Apollo Chief Executive Officer Marc Rowan touted retirement, wealth and infrastructure — including the transition to renewable energy — as the new tailwinds that will drive the firm’s growth.

“At the end of the day, private will win over public,” Rowan said at the firm’s investor day, referring to faster growth in private markets versus public markets and banks.

The firm expects adjusted net income of $15 a share in five years, while annual origination volume is anticipated to increase to at least $275 billion, up from $164 billion over the 12 months ended June 30.

Apollo forecasts assets under management to increase to $1.5 trillion by 2029 and remains on track to reach its prior goal of $1 trillion by 2026. The firm oversaw $696 billion as of June 30.

The alternative asset manager was founded as a private equity firm in 1990 and over the years has expanded into credit, insurance, capital solutions and wealth management. Rowan has identified origination — the business of structuring private credit investments to sell to Athene and other investors — as the firm’s most important driver of growth.
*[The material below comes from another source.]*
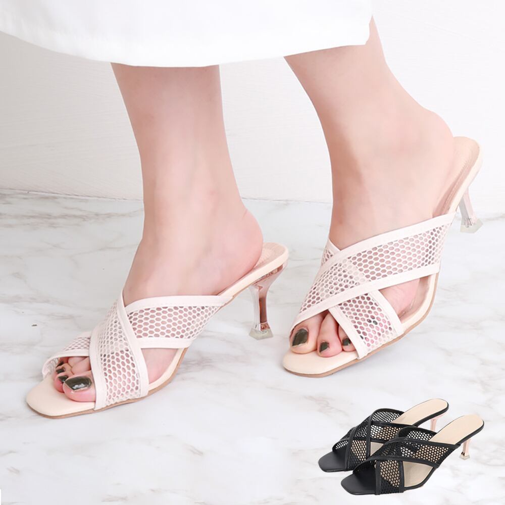 スクエアトゥ サマーサンダル 6cmヒール ミュール メッシュ靴 美脚 クロス 大人 シースルー レトロ シューズヒールサンダル 黒 おしゃれミュール 疲れない靴 新作涼しげなメッシュ素材を採用したヒールサンダル安定感のあるスクエアヒールで履き心地も抜群スカートやパンツ、ワンピースなど様々なアイテムと相性の良いアイテム甲素材:合成皮革+合成繊維底素材:合成底カラー:ブラック/ベージュサイズ:22.5cm(35)/23.0cm(36)/23.5cm(37)/24.0cm(38)/24.5cm(39)/25.0cm(40)(カッコ内は靴底表記となります)[22.5]長さ:約22.5cm 幅:約11.0cm ヒール:約6cm[23.0]長さ:約23.0cm 幅:約11.4cm ヒール:約6cm[23.5]長さ:約23.5cm 幅:約11.8cm ヒール:約6cm[24.0]長さ:約24.0cm 幅:約12.2cm ヒール:約6cm[24.5]長さ:約24.5cm 幅:約12.6cm ヒール:約6cm[25.0]長さ:約25.0cm 幅:約13.0cm ヒール:約6cm重さ(両足):約276g-336g生産国:中国※すべて平置きサイズです(採寸方法違いより、多少の誤差がございますので、ご了承ください)。※海外輸入品のため、商品の細部仕様は多少異なる場合がございます。予めご了承の上、ご注文お願い致します。

Apollo has roughly 4,000 employees across its 16 origination businesses, which include MidCap Financial and Atlas SP.

The firm expects to raise at least $150 billion for its global wealth business by 2029. It sees a $150 trillion market opportunity in individual investors, with about 50% of that coming from family offices and 2% from high-net-worth people.

Organic annual inflows into the firm will top $150 billion within five years, according to New York-based Apollo’s targets.